San Salvario, controlli ad “alto impatto”: 135 identificati e un arresto per resistenza

Operazione interforze tra via Nizza e via Ventimiglia. Rimosse masserizie in un cantiere, sequestrati contanti e telefoni

San Salvario

San Salvario, controlli ad “alto impatto”: 135 identificati e un arresto per resistenza

Centotrentacinque persone identificate, otto veicoli controllati e un arresto. È il bilancio del servizio straordinario di controllo del territorio disposto dalla Polizia di Stato nel quartiere San Salvario, nell’ambito delle operazioni ad “Alto Impatto” che da mesi interessano alcune aree considerate sensibili della città.

L’attività, coordinata dal Commissariato di pubblica sicurezza “Barriera Nizza”, ha visto la partecipazione del Reparto Prevenzione Crimine “Piemonte”, del Reparto Mobile, della Polizia Ferroviaria, della Polizia Locale e dei Carabinieri. Un dispositivo ampio, concentrato in particolare tra via Nizza, via Ventimiglia e le strade limitrofe.

Durante i controlli, in un’area di cantiere vicino al vecchio palazzo delle Poste di via Nizza, personale della Polizia Locale insieme ad Amiat ha provveduto alla rimozione di alcune masserizie, tra cui materassi e suppellettili. Secondo quanto emerso, sarebbero stati utilizzati come giacigli di fortuna da persone senza fissa dimora.

L’episodio più significativo si è verificato in via Ventimiglia, all’angolo con via Corradino. Qui una pattuglia ha notato due giovani a piedi con atteggiamento giudicato sospetto. Alla vista della volante, entrambi si sono dati alla fuga in direzioni opposte.

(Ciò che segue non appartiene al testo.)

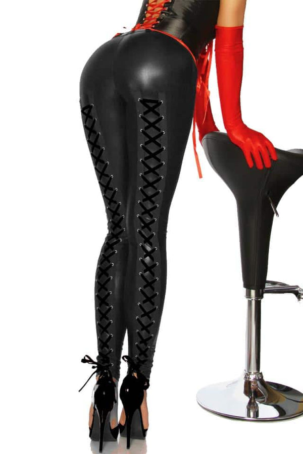 Tuffa svarta leggings i wetlook modell och med röd snörning bak. 80% polyester och 20% elastan.
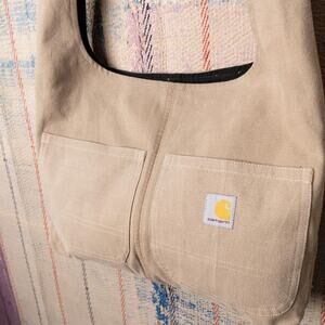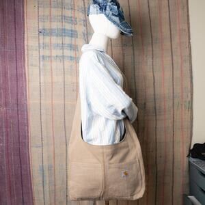 Handmade upcycled Carhartt hobo bag crafted from reclaimed Carhartt canvas workwear.
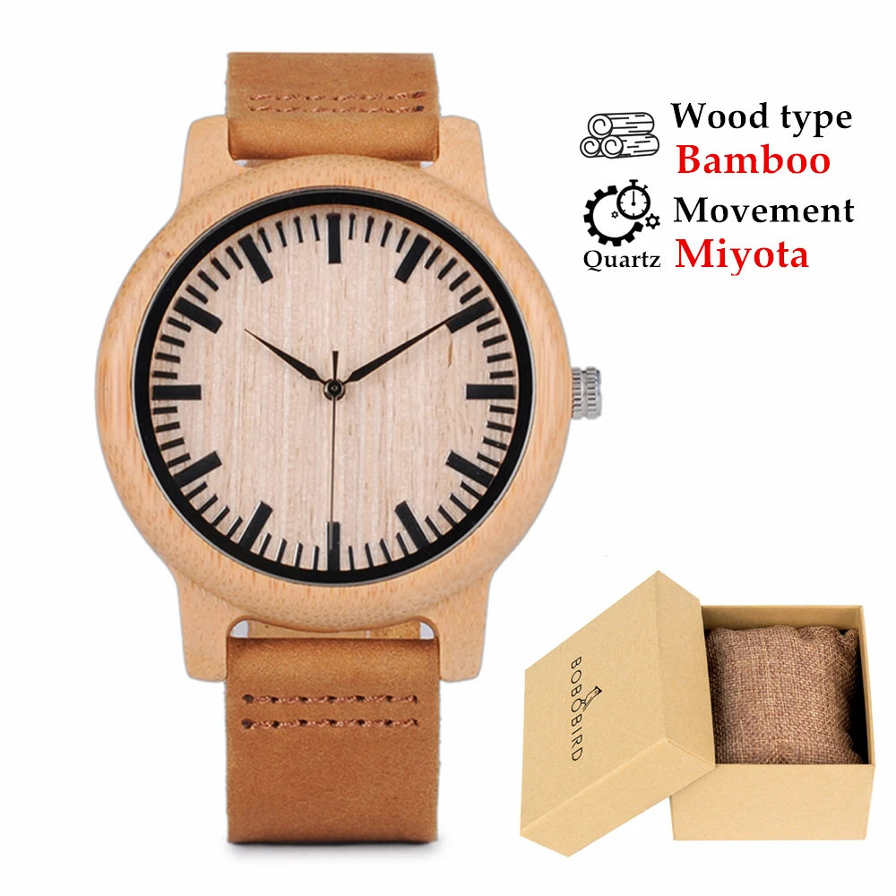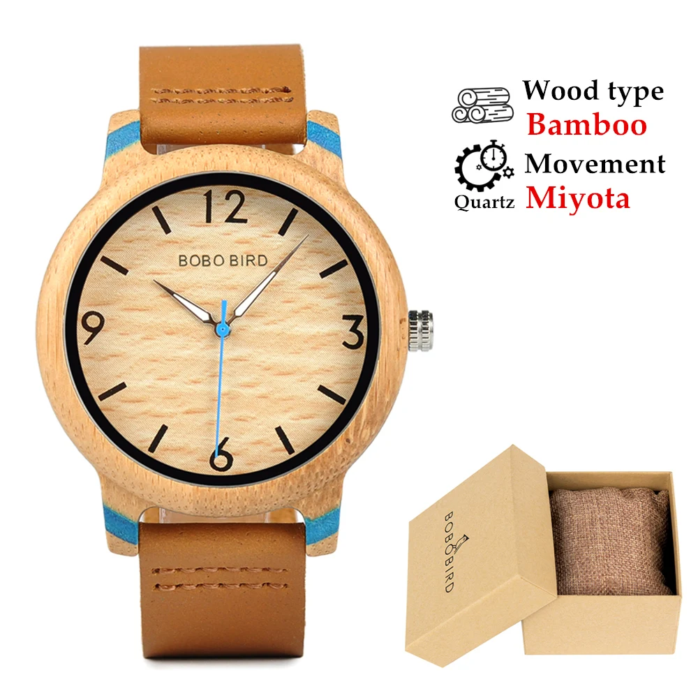 BOBO BIRD Relojes ساعات للرجال والنساء ساعة من الخيزران شعار حركة كوارتز مخصص دروبشيبينغ
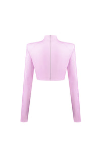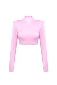 Рожевий укорочений топ з довгими рукавами та високою горловиною втілює сучасну елегантність і усвідомлений підхід до дизайну. Виготовлений із 4D-стрейч веганської шкіри, матеріал точно адаптується до рухів тіла, формуючи чіткий і витончений силует.
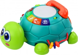 Interaktivni bobenček na hrbtu želvice s svetlobnimi učinki prispeva k senzoričnim izkušnjam in zagotavlja dodatno mero zabave in ustvarjalnosti. Gumb v obliki želvice poleg bobenčka sproži gibanje želvice, s čimer spodbuja vključevanje otroške domišljije in motorike.

Uno dei due è riuscito a far perdere le proprie tracce. L’altro, un diciottenne di nazionalità senegalese, ha imboccato la direzione dei giardini “Battistini”. Raggiunto da un agente, avrebbe reagito spintonando e aggredendo il poliziotto nel tentativo di sottrarsi al controllo. Gli operatori sono comunque riusciti a bloccarlo.

Durante la perquisizione sono stati trovati due smartphone e circa 200 euro in contanti. Il giovane non avrebbe fornito spiegazioni convincenti sulla provenienza del denaro e dei dispositivi, ritenuti dagli investigatori possibile provento di attività illecita.

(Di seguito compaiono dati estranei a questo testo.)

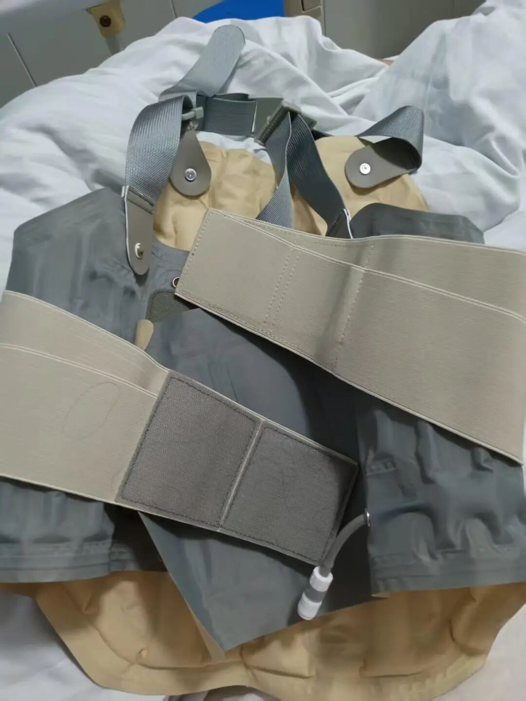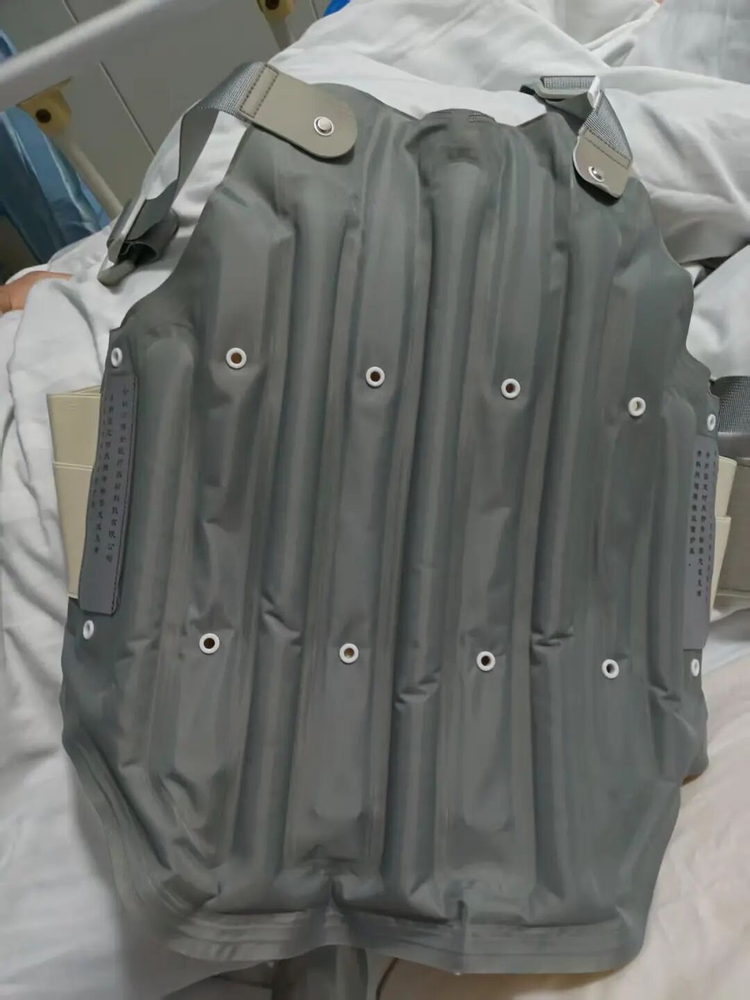 在薛先生母亲出院的那天,华商报大风新闻记者来到医院。深灰色外壳、里侧带着气囊的支具就穿在薛先生母亲身上。她手里抱着支具的包装盒。
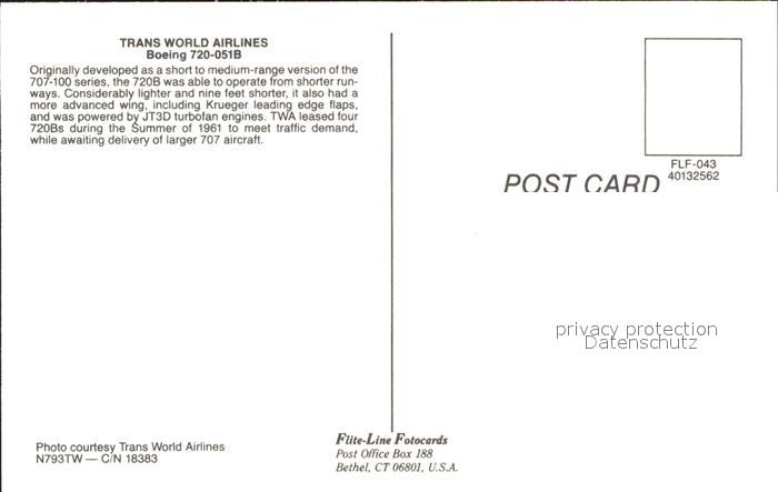 Flugzeuge Zivil TransWorld Airlines Boeing 720-051B N793TW c/n 18383 postalisch nicht gelaufen Erhaltung siehe scans
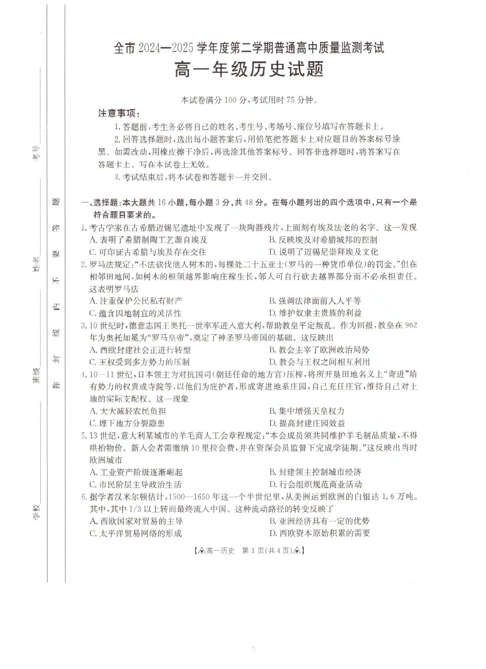 高一历史+答案--贵州省安顺市2024-2025学年高一下学期期末考试

Nel corso degli accertamenti, il ragazzo avrebbe inoltre fornito generalità risultate non corrispondenti alla sua identità reale. Per questo motivo è stato arrestato con l’accusa di resistenza a pubblico ufficiale e falsa attestazione sulla propria identità.

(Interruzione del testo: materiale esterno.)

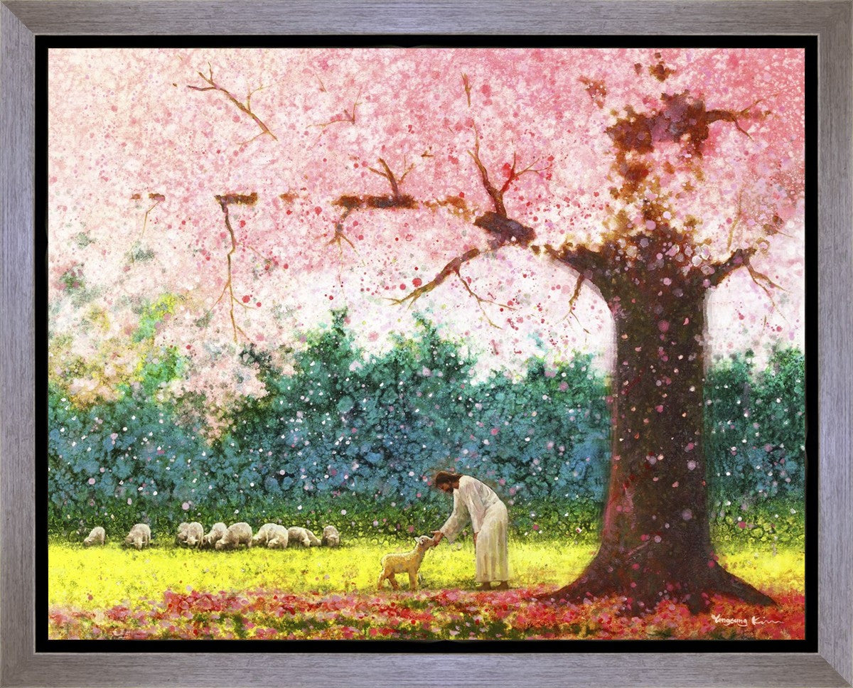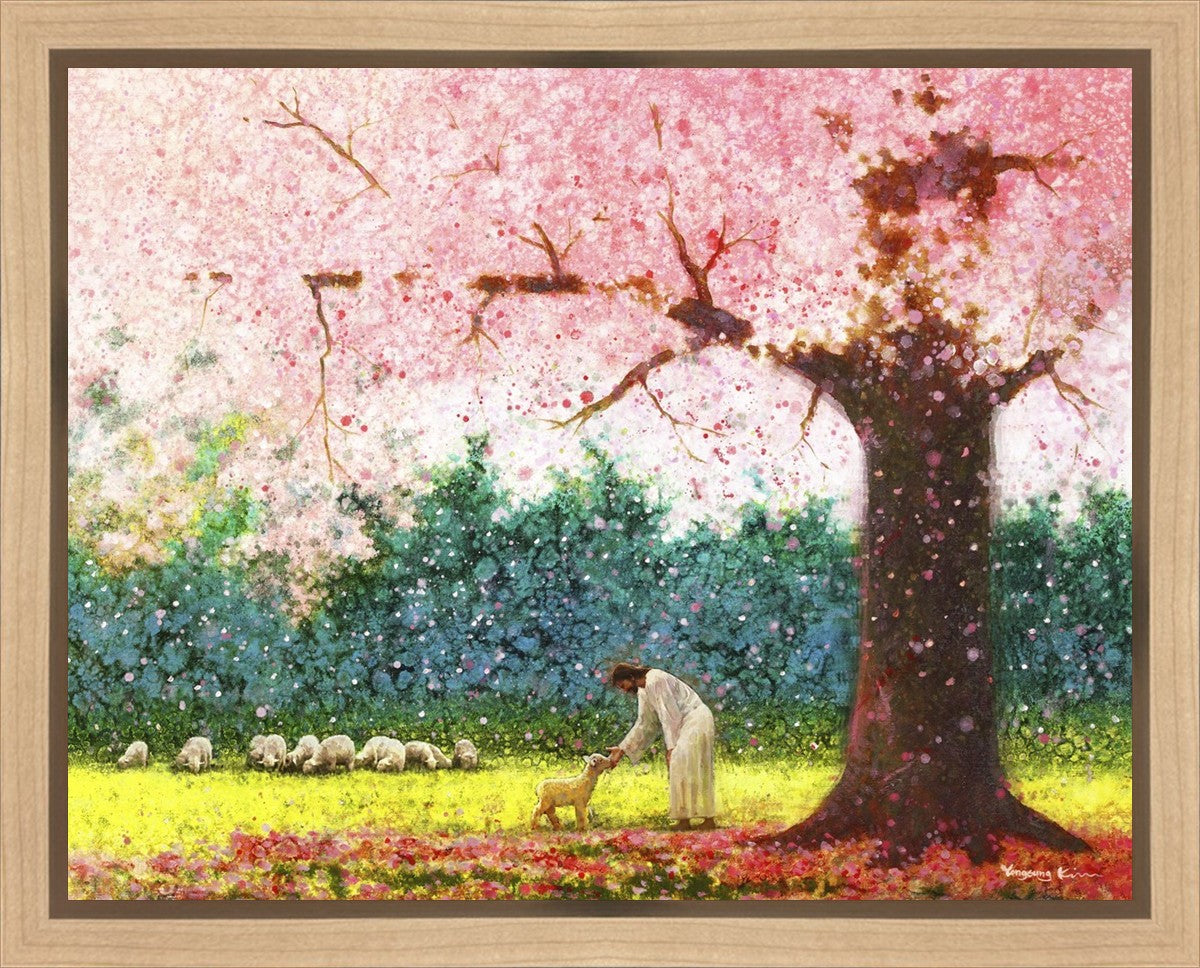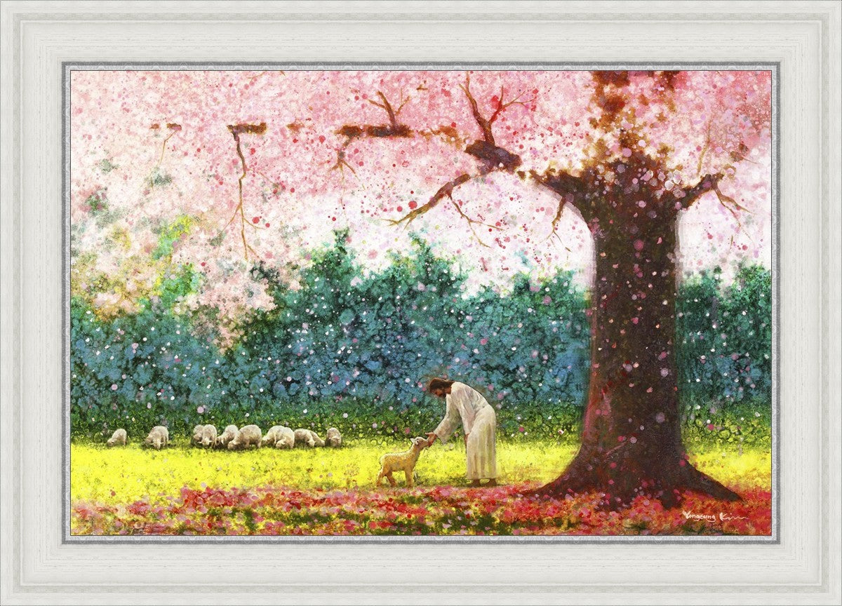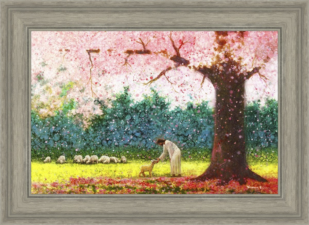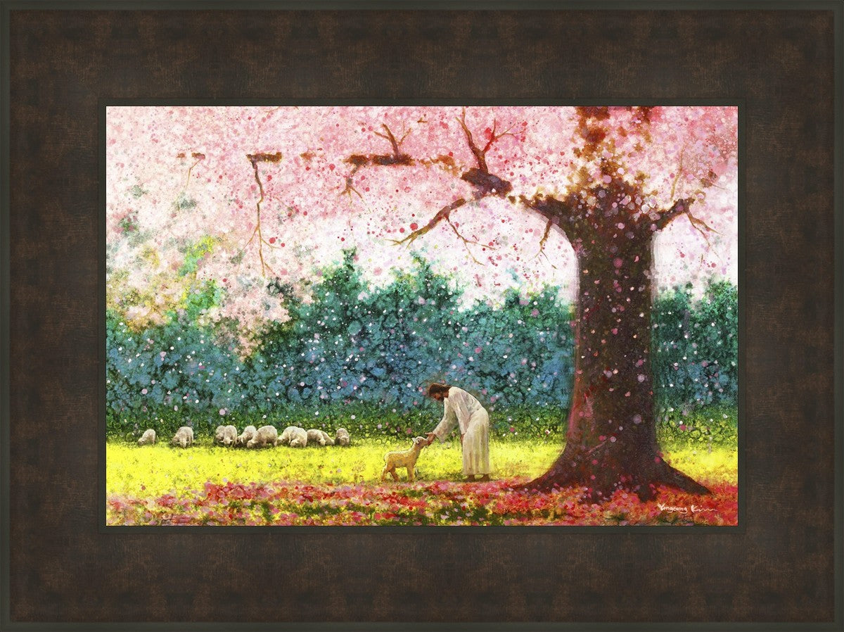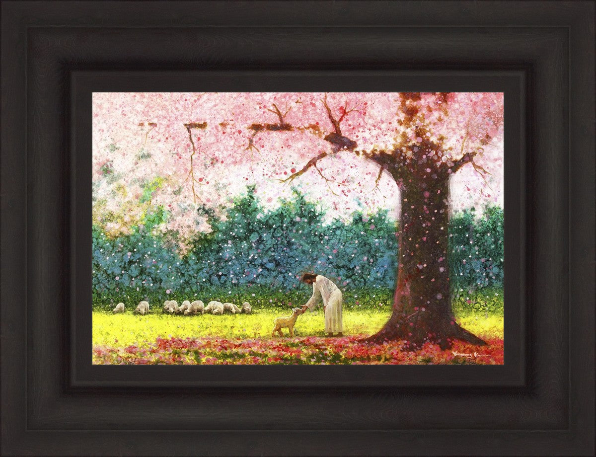 In Green Pastures by Yongsung Kim portrays Jesus Christ tenderly caring for a lamb under a picturesque pink tree, in a green pasture. This artwork from Yongsung Kim resonates with viewers seeking a deeper connection to their faith journey.

Il procedimento si trova nella fase delle indagini preliminari. Come previsto dalla legge, vale la presunzione di innocenza fino a eventuale sentenza definitiva.

L’operazione si inserisce in un piano di controlli periodici che continueranno con cadenza regolare, con l’obiettivo di rafforzare la presenza delle forze dell’ordine in un quartiere da tempo al centro dell’attenzione per episodi di microcriminalità e degrado urbano.